2) This comment leads to the most important one: The manuscript makes very provocative claims, most importantly about the base pairing of U3. It is impossible to evaluate this claim without having access to the map. This is a general comment for EM papers. Reviewers need to have access to the data, because they otherwise cannot evaluate them properly (we get access to biochemical data, sequencing data, why not structural data?). E.g. in the Kornprobst paper the authors incorrectly assigned Kre33. This is obvious once you look into the density (as the density is not symmetrical), but not necessarily from the manuscript. In any case, without access to the map it is impossible to judge whether the authors correctly assigned the helices base pairing with U3.

We have provided the cyro-EM maps and the pdb file of 90S for your assessment.

3) Along the same lines, the authors make a number of surprising assignments, including that of H44 at a very different location. This would be a neat finding, but again is hard to judge without a map. Even more surprising is the assignment of the D-site. I am sure the map provides confidence in a stem-loop. However, there are hundreds of stemloops in this molecule. How the authors decide it is a stemloop at the D-site, which has been essentially disproven to exist is totally unclear.

The D-site hairpin was assigned mainly based on its binding to Pno1, which has been assigned confidently. In addition, the size of modeled hairpin is consistent with the predicted D-site hairpin and the position of D-site hairpin is close to the base of helix 44.

4) What is the RNA in the molecule? The authors should show a Northern blot.

Northern blot analysis has been provided in Figure 1E-F.

5) The authors use a lot of "unpublished crystal structures" to fit their structure. These structures need to be shown as supplemental data, and pdb files need to be submitted and referenced herein. Examples are: the Utp10 structure, Enp1 structure, the Tsr1 structure, the RRp5-TPR structure, the Imp3 and Rpf1/Rrs1 structure.

These structures have been deposited and referenced.

6) Subsection “U3 snoRNP”: "The maps were essentially superimposable." This claim needs a Figure.

Alignment of three maps is shown in Figure 1—figure supplement 6.
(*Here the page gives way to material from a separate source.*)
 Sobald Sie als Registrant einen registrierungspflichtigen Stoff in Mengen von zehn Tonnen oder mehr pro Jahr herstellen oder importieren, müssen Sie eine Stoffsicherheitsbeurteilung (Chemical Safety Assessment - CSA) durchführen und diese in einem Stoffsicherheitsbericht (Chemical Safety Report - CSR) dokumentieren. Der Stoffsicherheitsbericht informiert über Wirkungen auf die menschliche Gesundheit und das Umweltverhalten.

7) Imp3 and Imp4 are in two different Figures and it is unclear how they relate to each other. Correll and co-workers have shown that they function together. Thus, they should be shown together. There should also be references to that work. As well as previous work from the Baserga lab, which predicted U3 and 18S interactions with Imp3 and Imp4.

Imp3 and Imp4 are shown together in Figure 7A-B. They are linked by Mpp10 and close to each other. As Imp4 does not interact with 5' ETS and U3 RNA, it is discussed in the 3' major domain section. The related references by Correll and Baserga are cited.

Presentation issues:

1) The overview Figure 2 is presented as done by Kornprobst. This Figure, in my mind was presented really poorly, and I would strongly urge the authors to give a different view. I realize that this will be effort as they need to remake some Figures, but I think it will lead to most people reading this paper and not the Kornprobst paper. Specifically, I would like to suggest that they orient the complex such that the 5'-domain is in the canonical view from the subunit interface (as in Figure 8F and G), where it is at the bottom and not at 2 o'clock (on an imaginary clock). This would also require a rewrite of the overall structure description. I really think it will be worthwhile as it will help people to think about the molecule.
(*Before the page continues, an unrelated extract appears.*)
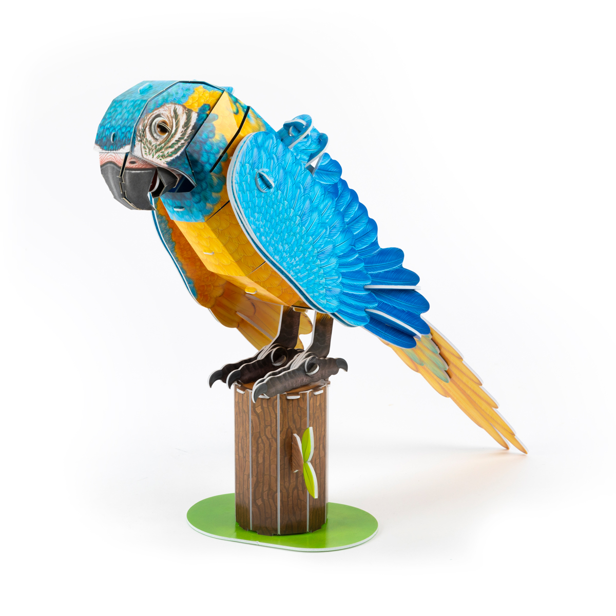 Как и все попугаи ара, синегорлый ара очень крупный: он может достигать размера в 95 сантиметров - почти один метр! Их мощный клюв легко раскусывает твердые плоды и орехи и может перекусить железную проволоку толщиной до 2 миллиметров. При этом синегорлые ара нежные супруги и родители: создают пару на всю жизнь и воспитывают птенцов до года, пока они не станут самостоятельными. Сегодня в тропических вечнозеленых лесах Южной Америки этих птиц осталось совсем немного - около 50-100 особей. Поэтому они внесены в Красную книгу и строго охраняются. Собери 3D-модель, и у тебя появится свой синегорлый ара. У него подвижны крылья, хвост и клюв, так что птица получится почти как живая. Не оставляй его одного надолго: попугаи - стайные птицы и не могут жить без общения!

We understand this reviewer's concern. As the 90S structure is 4 times larger than and dramatically different from the mature 40S subunit, the canonical view of 40S may not be the best way to show the features of 90S. We would like to keep the current orientation unchanged as it guides our presentation of all structures and maps.
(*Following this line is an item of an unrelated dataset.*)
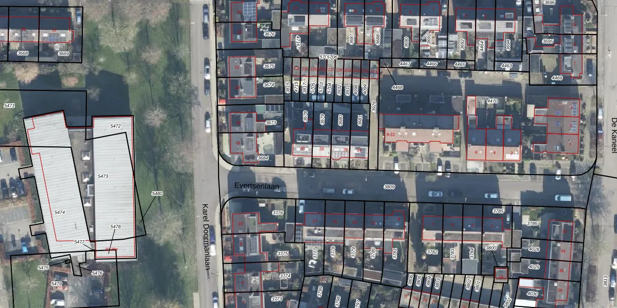 Evertsenlaan 30 is gelegen op kadastraal perceel WDB02B3678. Deze kadastrale aanduiding is uniek en wordt gebruikt door het Kadaster om eigendomsrechten en andere zakelijke rechten vast te leggen. Het perceel maakt onderdeel uit van de kadastrale gemeente Woudenberg.

2) Of course this would also require different view for Figures 3, ,4E,4E, ,8.8.

See above.

3) In addition, I would strongly urge the authors to include a panel in most of the other Figures to help the reader orient him/herself with respect to that view (Figures 4F, ,5,5, ,7,7, ,9911. This would be an overview Figure, its turn to achieve the presented view, and the zoombox in that turned view.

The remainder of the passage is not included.